Harden container cancel-and-wait supervisor loop

This should hopefully make teardown more reliable and includes better logic to fail over to a hard kill path after a 3 second timeout waiting for the instance to complete using the `docker-py` wait API. Also generalize the supervisor teardown loop by allowing the container config endpoint to return 2 msgs to expect: - a startup message that can be read from the container's internal process logging that indicates it is fully up and ready. - a teardown msg that can be polled for that indicates the container has gracefully terminated after a cancellation request which is passed to our container wrappers `.cancel()` method. Make the marketstore config endpoint return the 2 messages we previously had hard coded and use this new api.
2022-06-23 10:23:14 -04:00 · 2022-06-23 10:23:14 -04:00 · b8b76a32a6
parent dcee0ddd55
commit b8b76a32a6
2 changed files with 62 additions and 32 deletions
--- a/piker/data/_ahab.py
+++ b/piker/data/_ahab.py
@ -19,6 +19,7 @@ Supervisor for docker with included specific-image service helpers.

 '''
 import os
+import time
 from typing import (
    Optional,
    Callable,
@ -186,45 +187,62 @@ class Container:

    async def cancel(
        self,
+        stop_msg: str,
    ) -> None:

        cid = self.cntr.id
+        # first try a graceful cancel
+        log.cancel(
+            f'SIGINT cancelling container: {cid}\n'
+            f'waiting on stop msg: "{stop_msg}"'
+        )
        self.try_signal('SIGINT')

-        with trio.move_on_after(0.5) as cs:
-            cs.shield = True
-            await self.process_logs_until('initiating graceful shutdown')
-            await self.process_logs_until('exiting...',)
+        start = time.time()
+        for _ in range(30):

-        for _ in range(10):
            with trio.move_on_after(0.5) as cs:
                cs.shield = True
-                await self.process_logs_until('exiting...',)
+                await self.process_logs_until(stop_msg)
+
+                # if we aren't cancelled on above checkpoint then we
+                # assume we read the expected stop msg and terminated.
                break

-            if cs.cancelled_caught:
-                # get out the big guns, bc apparently marketstore
-                # doesn't actually know how to terminate gracefully
-                # :eyeroll:...
-                self.try_signal('SIGKILL')
+            try:
+                log.info(f'Polling for container shutdown:\n{cid}')
+                self.cntr.wait(
+                    timeout=0.1,
+                    condition='not-running',
+                )
+                break

-                try:
-                    log.info('Waiting on container shutdown: {cid}')
-                    self.cntr.wait(
-                        timeout=0.1,
-                        condition='not-running',
-                    )
-                    break
-
-                except (
-                    ReadTimeout,
-                    ConnectionError,
-                ):
-                    log.error(f'failed to wait on container {cid}')
-                    raise
+            except (
+                ReadTimeout,
+            ):
+                log.info(f'Still waiting on container:\n{cid}')
+                continue

+            except (
+                docker.errors.APIError,
+                ConnectionError,
+            ):
+                log.exception(f'Docker connection failure')
+                break
        else:
-            raise RuntimeError('Failed to cancel container {cid}')
+            delay = time.time() - start
+            log.error(
+                f'Failed to kill container {cid} after {delay}s\n'
+                'sending SIGKILL..'
+            )
+            # get out the big guns, bc apparently marketstore
+            # doesn't actually know how to terminate gracefully
+            # :eyeroll:...
+            self.try_signal('SIGKILL')
+            self.cntr.wait(
+                timeout=3,
+                condition='not-running',
+            )

        log.cancel(f'Container stopped: {cid}')

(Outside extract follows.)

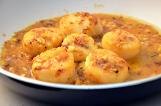 | Scallops in Rioja Wine with Saffron ~ Vieiras en Rioja y Azafran |

@ -245,13 +263,18 @@ async def open_ahabd(
        # params, etc. passing to ``Containter.run()``?
        # call into endpoint for container config/init
        ep_func = NamespacePath(endpoint).load_ref()
-        dcntr, cntr_config = ep_func(client)
+        (
+            dcntr,
+            cntr_config,
+            start_msg,
+            stop_msg,
+        ) = ep_func(client)
        cntr = Container(dcntr)

        with trio.move_on_after(1):
-            found = await cntr.process_logs_until(
-                "launching tcp listener for all services...",
-            )
+            found = await cntr.process_logs_until(start_msg)
+                # "launching tcp listener for all services...",
+            # )

            if not found and cntr not in client.containers.list():
                raise RuntimeError(
@ -278,7 +301,7 @@ async def open_ahabd(
        ):

            with trio.CancelScope(shield=True):
-                await cntr.cancel()
+                await cntr.cancel(stop_msg)

            raise

--- a/piker/data/marketstore.py
+++ b/piker/data/marketstore.py
@ -185,7 +185,14 @@ def start_marketstore(
        init=True,
        # remove=True,
    )
-    return dcntr, _config
+    return (
+        dcntr,
+        _config,
+
+        # expected startup and stop msgs
+        "launching tcp listener for all services...",
+        "exiting...",
+    )


 _tick_tbk_ids: tuple[str, str] = ('1Sec', 'TICK')